Source records
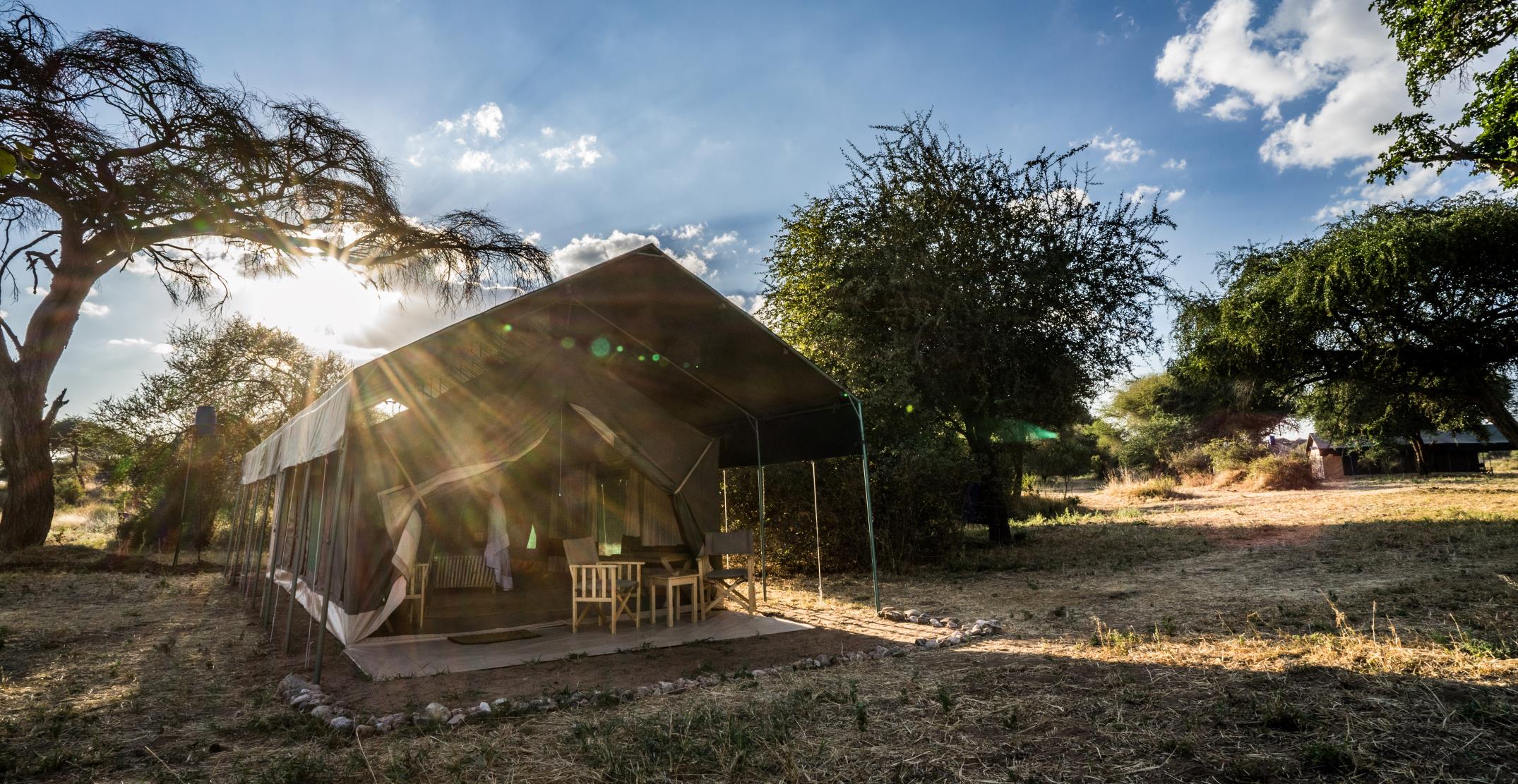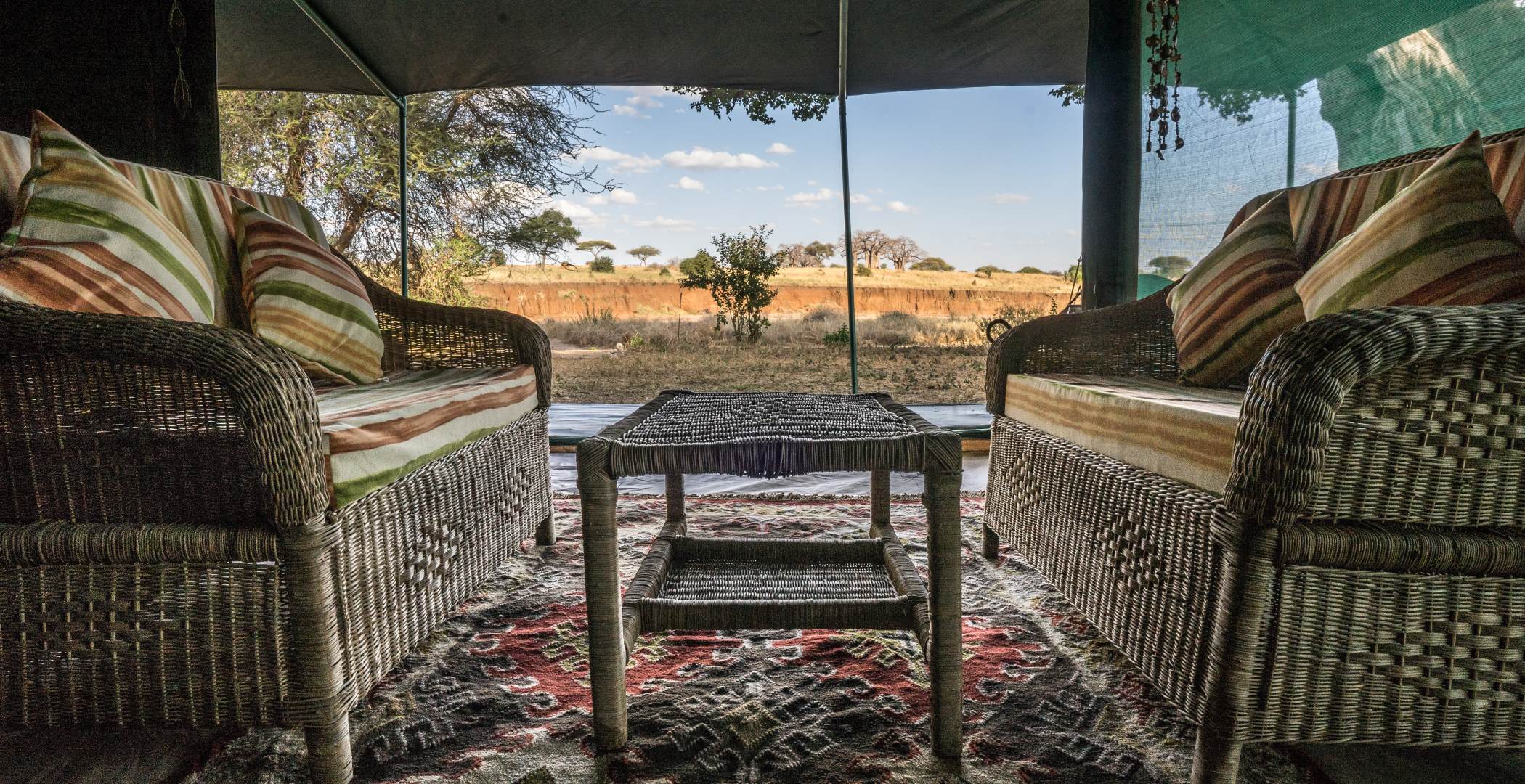 The intimate Tarangire View Camp is located in Tarangire National Park in the shade of large acacia and sausage trees on the banks of a seasonal riverbed. The camp boasts 8 tents accommodating 1 to 4 people each. It offers a lovely safari bush experience with a breathtaking location and more than just a touch of comfort and privacy. The main tent provides sofas to relax on, a small bar, and tables for lovely dinners. From your private terrace, you can spot the occasional local wildlife passing by such as elephants, impalas, lions, jackals and leopards, and the many various bird species provide the perfect morning wake-up calls.
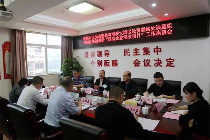 賀州市人民政府駐粵港澳大灣區(qū)經(jīng)貿(mào)聯(lián)絡(luò)處課題組到城投集團(tuán)開展調(diào)研2022-05-10
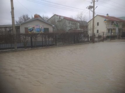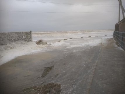 В Азовском море разбушевался шторм неподалеку от популярной базы отдыха Крилловка. В частности водой затопило дорогу на остров Бирючий, где расположена резиденция президента Украины Владимира Зеленского.
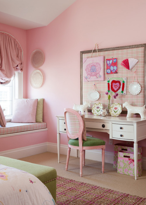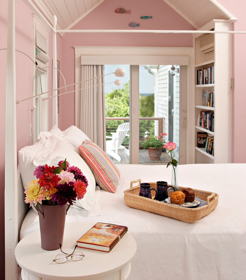 绿色和粉色的搭配,有出乎意料的清爽。超美超幸福的卧室,好想从此君王不早朝。
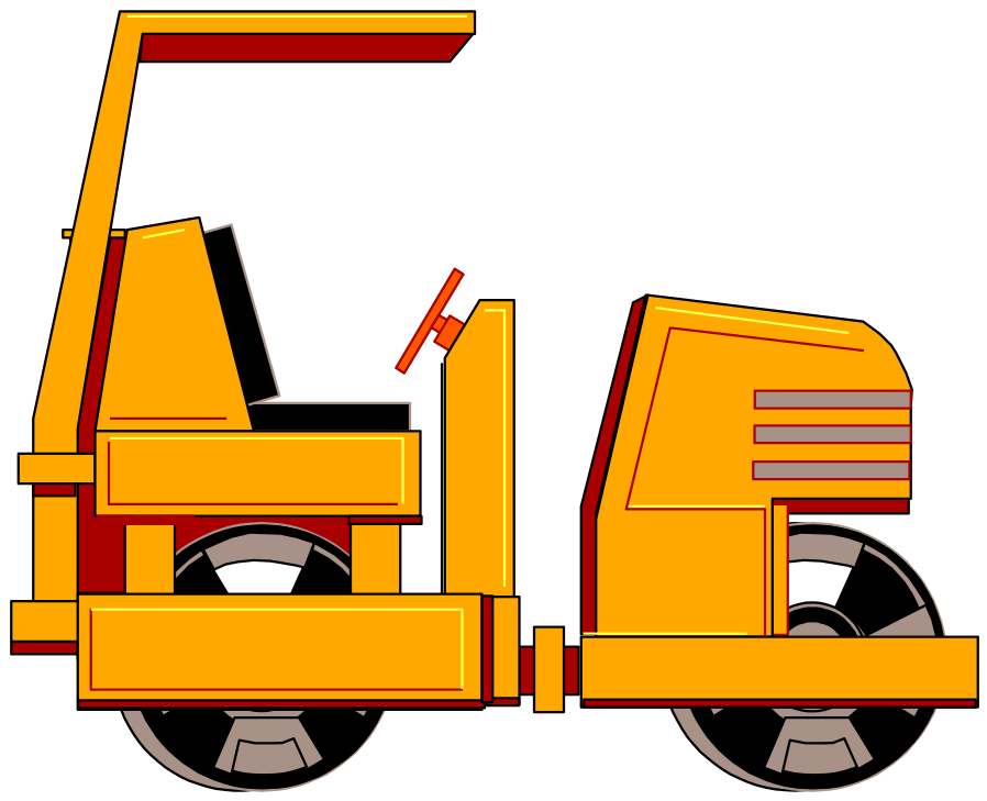 Tags: clipart, construction equipment, lineart, roller, silhouette, vector, tractor yellow
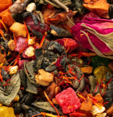 Зеленый Ганпаудер обогащен ароматными цукатами манго, папайи и ананаса, фруктовой цедрой апельсина, кусочками сушеного яблока, лепестками сафлора, бутонами роз и ягодами годжи.
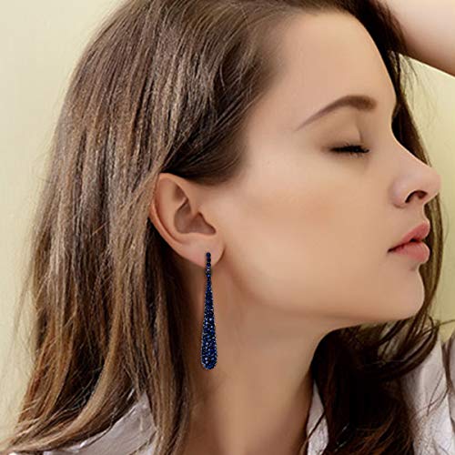 Clearine Orecchini Donna Cerimonia Sposa Elegante Cristallo Goccia con perline Lungo Orecchini pendenti per Donna Navy Blu Nero-fondo
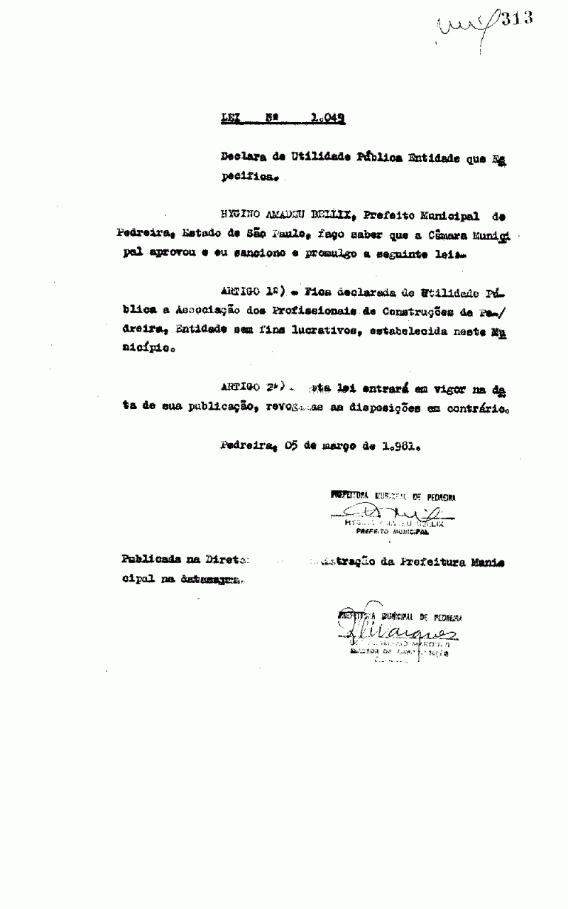 Lei Municipal - N° 1049 de 05/03/1981
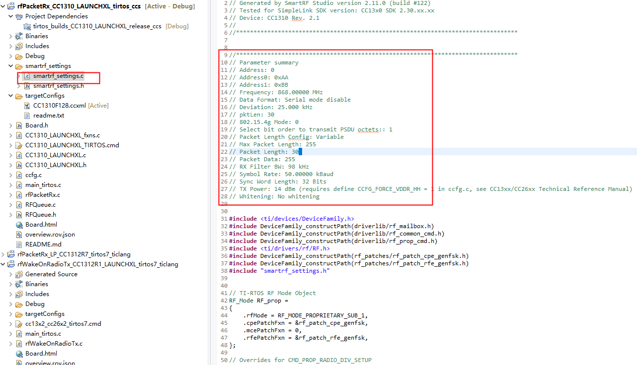 使用 CCS 打开 示例 rfPacketRx_CC1310_run、其中修改了 SmartRF_setting 中的参数、然后将其改回。
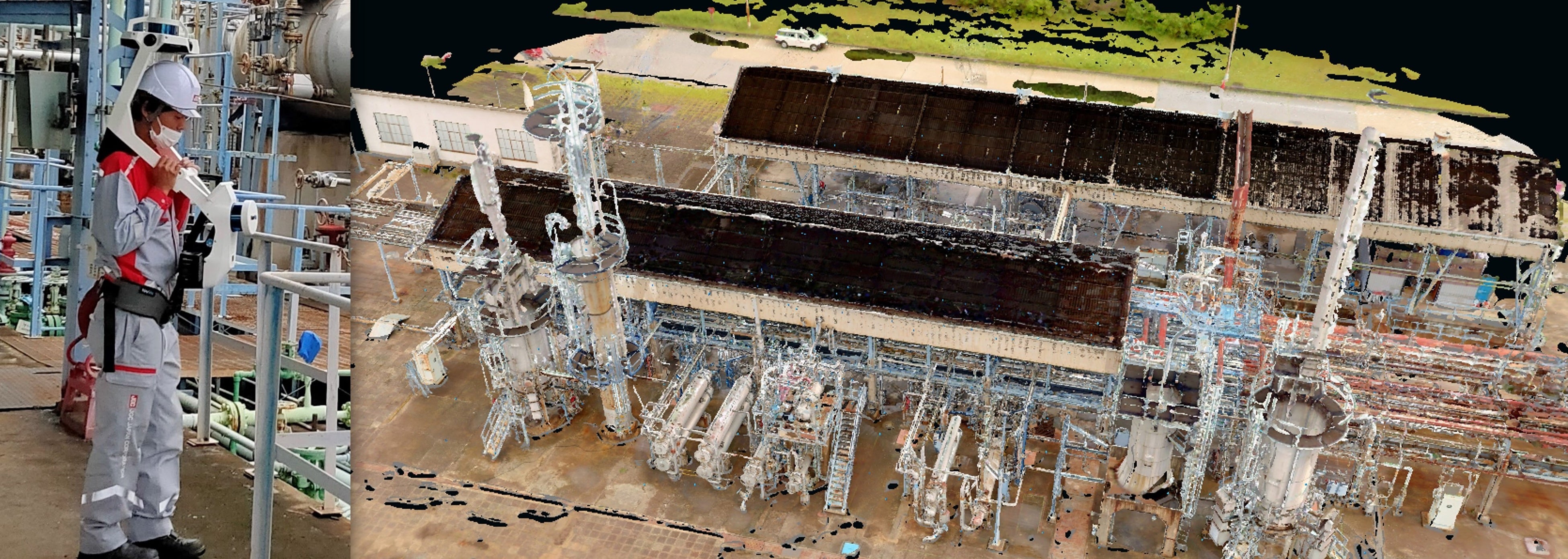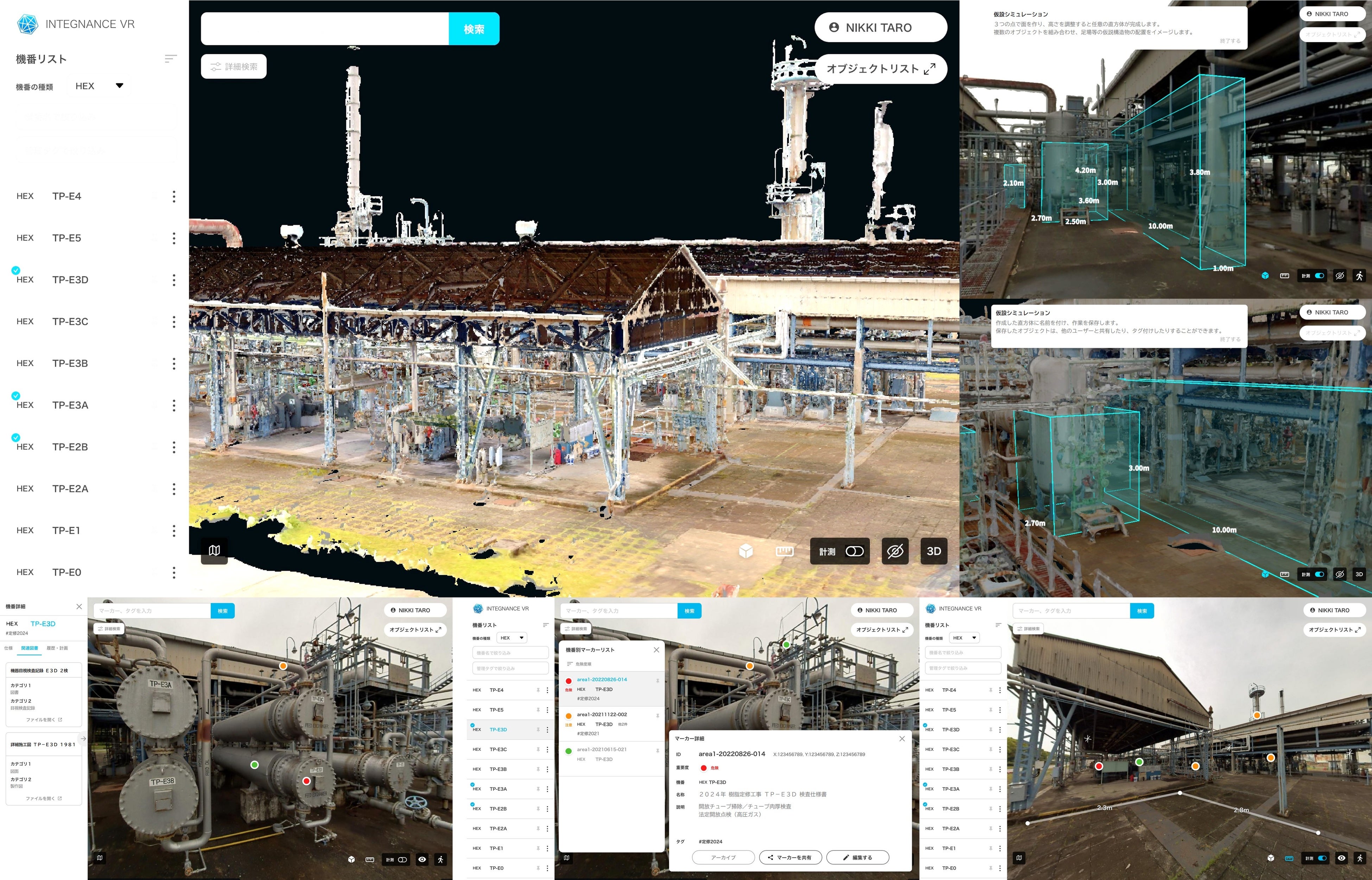 1.スマート保全業務を支援する3Dビューア「INTEGNANCE VR」スマート保全業務を支援する3Dビューア「INTEGNANCE VR」360度撮影が可能な3Dスキャンカメラで撮影した結果をウェブ上で、閲覧・管理できるクラウドサービスで、本ビューア上でアノテーション(関連データがタグ付け)された各機器や部材の相関関係を可視化し、ストリートビュー※のような操作感で視覚的かつ迅速に情報を把握することが可能となります。これにより、広大な敷地を保全する実務者の運用・保守業務の大幅な効率化を可能とします。本ビューアは石油精製・石油化学業界のみならず、幅広い産業でのサービス提供を想定しております。

**TASK PROMPT**
All lines from the one containing "使用 CCS 打开 示例" through the end of the entries above must be given again exactly, with every picture omitted.

**ANSWER SPACE**
 使用 CCS 打开 示例 rfPacketRx_CC1310_run、其中修改了 SmartRF_setting 中的参数、然后将其改回。
 1.スマート保全業務を支援する3Dビューア「INTEGNANCE VR」スマート保全業務を支援する3Dビューア「INTEGNANCE VR」360度撮影が可能な3Dスキャンカメラで撮影した結果をウェブ上で、閲覧・管理できるクラウドサービスで、本ビューア上でアノテーション(関連データがタグ付け)された各機器や部材の相関関係を可視化し、ストリートビュー※のような操作感で視覚的かつ迅速に情報を把握することが可能となります。これにより、広大な敷地を保全する実務者の運用・保守業務の大幅な効率化を可能とします。本ビューアは石油精製・石油化学業界のみならず、幅広い産業でのサービス提供を想定しております。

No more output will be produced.